━━━ Data extracts ━━━
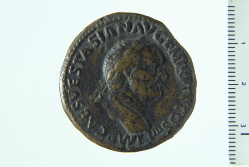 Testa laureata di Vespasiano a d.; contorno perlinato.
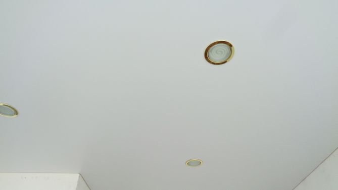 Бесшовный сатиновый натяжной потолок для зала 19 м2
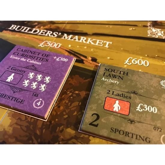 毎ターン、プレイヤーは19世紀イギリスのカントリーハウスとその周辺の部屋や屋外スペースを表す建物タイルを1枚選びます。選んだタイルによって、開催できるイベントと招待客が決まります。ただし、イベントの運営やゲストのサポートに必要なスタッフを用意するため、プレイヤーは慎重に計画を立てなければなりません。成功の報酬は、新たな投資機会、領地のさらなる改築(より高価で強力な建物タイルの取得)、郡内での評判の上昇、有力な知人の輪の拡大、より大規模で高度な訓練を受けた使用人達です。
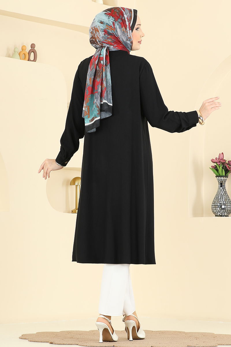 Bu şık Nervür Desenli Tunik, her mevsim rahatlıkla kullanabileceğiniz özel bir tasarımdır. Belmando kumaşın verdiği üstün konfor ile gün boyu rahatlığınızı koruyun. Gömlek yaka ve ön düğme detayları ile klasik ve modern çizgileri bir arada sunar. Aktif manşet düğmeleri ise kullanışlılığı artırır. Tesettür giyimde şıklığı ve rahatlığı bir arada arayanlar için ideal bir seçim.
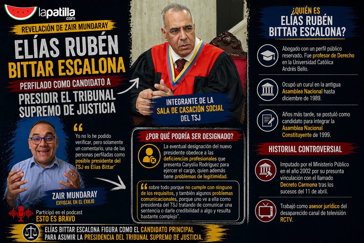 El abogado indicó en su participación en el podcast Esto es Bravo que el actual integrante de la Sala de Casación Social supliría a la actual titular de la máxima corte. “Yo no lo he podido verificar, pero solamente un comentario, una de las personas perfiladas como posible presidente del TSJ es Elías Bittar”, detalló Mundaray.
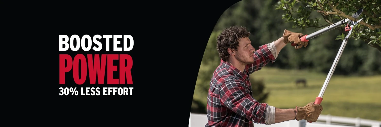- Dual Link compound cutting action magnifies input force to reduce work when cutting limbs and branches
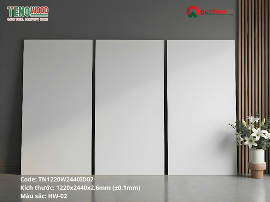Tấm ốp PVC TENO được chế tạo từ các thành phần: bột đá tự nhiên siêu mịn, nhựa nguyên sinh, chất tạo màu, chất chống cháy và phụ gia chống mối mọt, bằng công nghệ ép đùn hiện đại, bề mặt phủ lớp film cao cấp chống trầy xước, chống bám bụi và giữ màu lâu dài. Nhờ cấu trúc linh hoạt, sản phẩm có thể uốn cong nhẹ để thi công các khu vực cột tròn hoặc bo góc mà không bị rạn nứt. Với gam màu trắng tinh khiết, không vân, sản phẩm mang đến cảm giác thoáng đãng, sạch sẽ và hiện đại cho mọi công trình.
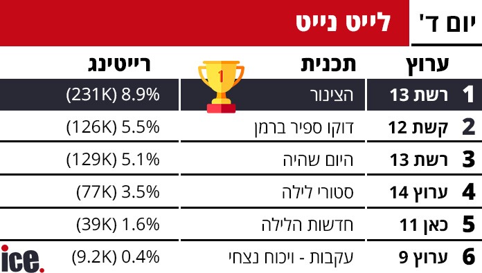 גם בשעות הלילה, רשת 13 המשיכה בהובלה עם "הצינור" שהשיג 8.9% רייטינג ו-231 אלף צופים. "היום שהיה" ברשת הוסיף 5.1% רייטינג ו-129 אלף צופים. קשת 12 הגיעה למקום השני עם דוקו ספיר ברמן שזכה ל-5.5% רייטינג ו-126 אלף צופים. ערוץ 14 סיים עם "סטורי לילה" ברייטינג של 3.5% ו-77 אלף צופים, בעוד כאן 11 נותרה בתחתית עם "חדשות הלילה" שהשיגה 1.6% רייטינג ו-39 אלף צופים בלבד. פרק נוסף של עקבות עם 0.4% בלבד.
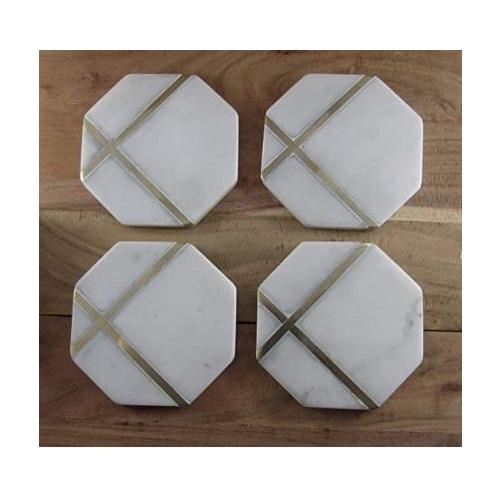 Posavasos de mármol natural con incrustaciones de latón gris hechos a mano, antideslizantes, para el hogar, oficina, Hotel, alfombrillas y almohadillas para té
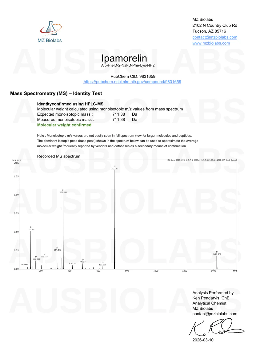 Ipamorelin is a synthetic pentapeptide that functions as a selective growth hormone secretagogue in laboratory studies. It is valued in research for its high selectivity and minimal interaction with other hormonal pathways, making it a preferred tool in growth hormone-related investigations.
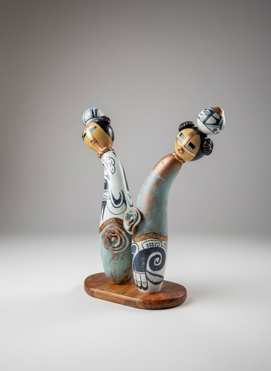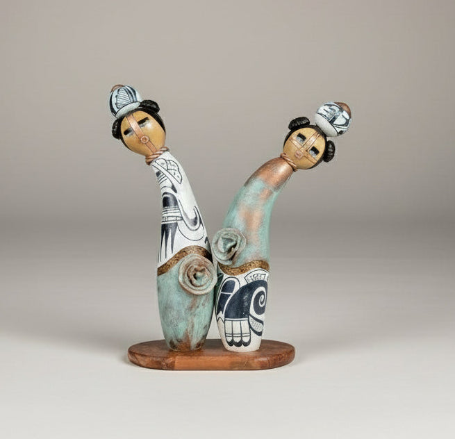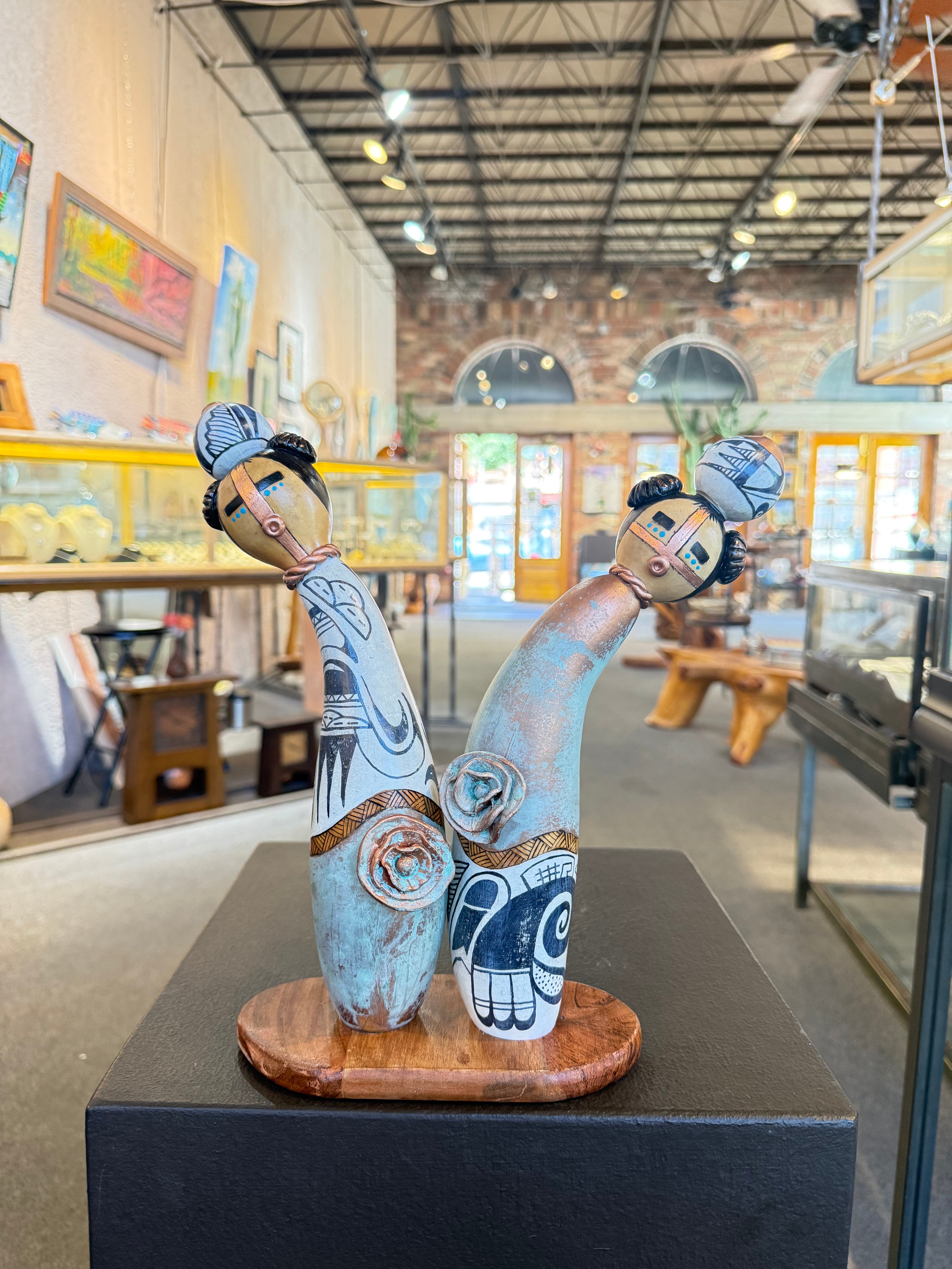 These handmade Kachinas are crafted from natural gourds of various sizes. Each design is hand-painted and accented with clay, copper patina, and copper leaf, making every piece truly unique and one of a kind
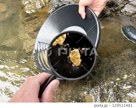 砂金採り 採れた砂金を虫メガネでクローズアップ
━━━
━━━ Data extracts ━━━
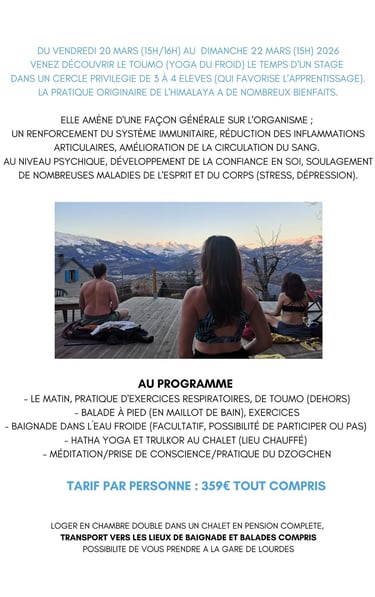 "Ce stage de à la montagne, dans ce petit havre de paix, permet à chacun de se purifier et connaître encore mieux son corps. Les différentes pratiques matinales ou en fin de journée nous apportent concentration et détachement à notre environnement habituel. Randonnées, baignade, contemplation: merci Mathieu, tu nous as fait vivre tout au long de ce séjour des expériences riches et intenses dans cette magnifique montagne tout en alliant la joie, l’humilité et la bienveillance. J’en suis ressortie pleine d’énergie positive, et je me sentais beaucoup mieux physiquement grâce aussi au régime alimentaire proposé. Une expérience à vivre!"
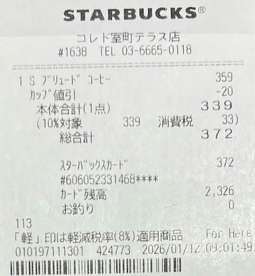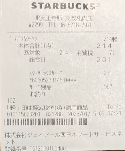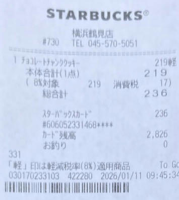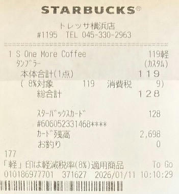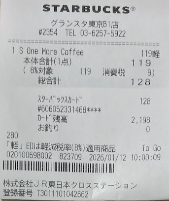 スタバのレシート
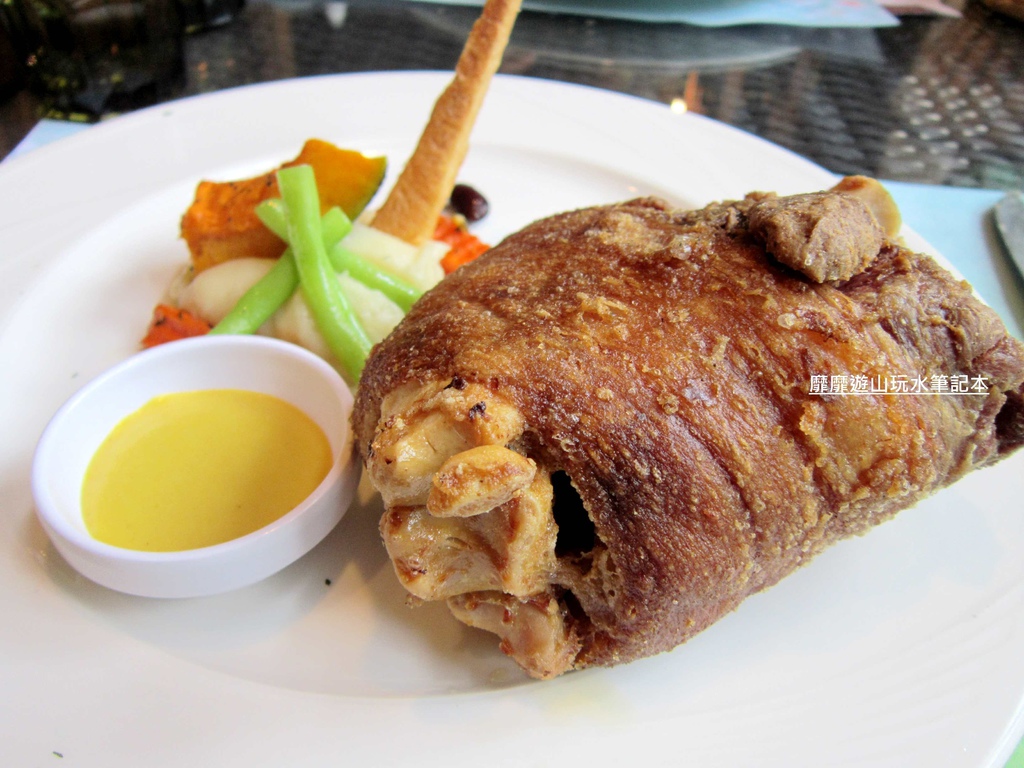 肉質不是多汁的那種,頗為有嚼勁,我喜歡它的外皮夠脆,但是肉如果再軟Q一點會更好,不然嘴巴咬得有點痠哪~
━━━
━━━ Data extracts ━━━
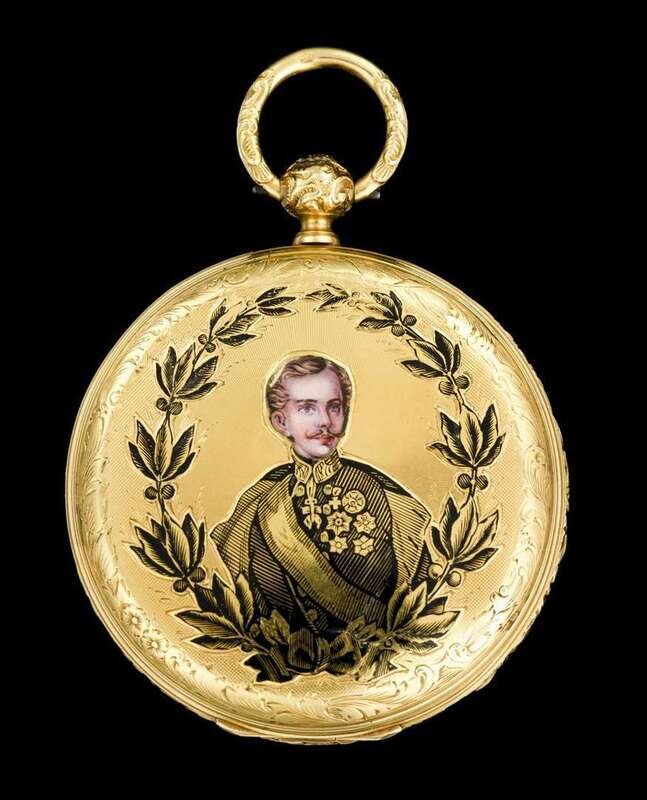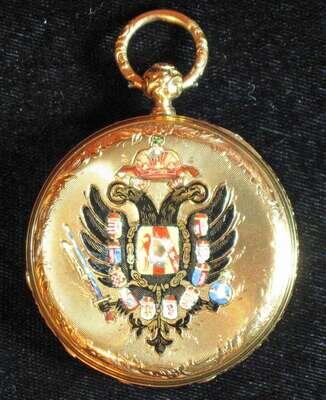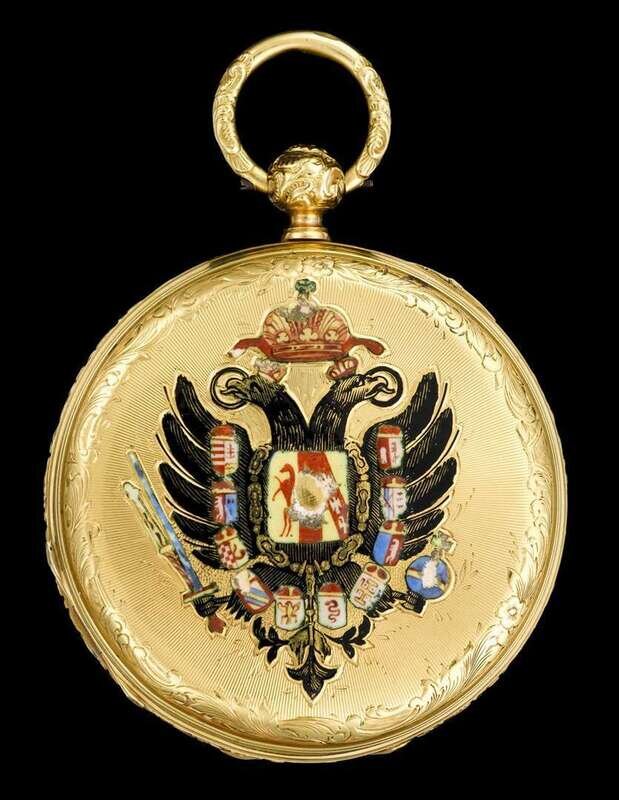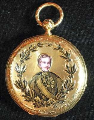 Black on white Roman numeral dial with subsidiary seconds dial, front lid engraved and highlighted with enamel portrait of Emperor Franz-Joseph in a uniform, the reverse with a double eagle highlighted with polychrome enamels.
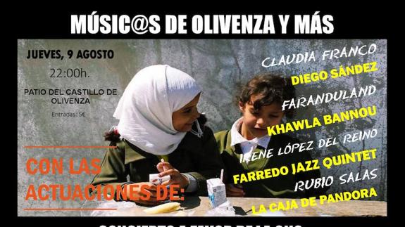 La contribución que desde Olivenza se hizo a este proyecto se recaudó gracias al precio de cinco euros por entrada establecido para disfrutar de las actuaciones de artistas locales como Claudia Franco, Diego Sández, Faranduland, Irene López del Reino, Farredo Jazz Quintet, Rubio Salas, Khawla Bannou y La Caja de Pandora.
━━━
What you need to do: Above are entries with pictures among them. Write out exactly the lines from the one containing "These handmade Kachinas" through the one containing "砂金採り 採れた砂金を虫メガネでクローズアップ", ends included, and leave those pictures out.

Task response:
 These handmade Kachinas are crafted from natural gourds of various sizes. Each design is hand-painted and accented with clay, copper patina, and copper leaf, making every piece truly unique and one of a kind
 砂金採り 採れた砂金を虫メガネでクローズアップ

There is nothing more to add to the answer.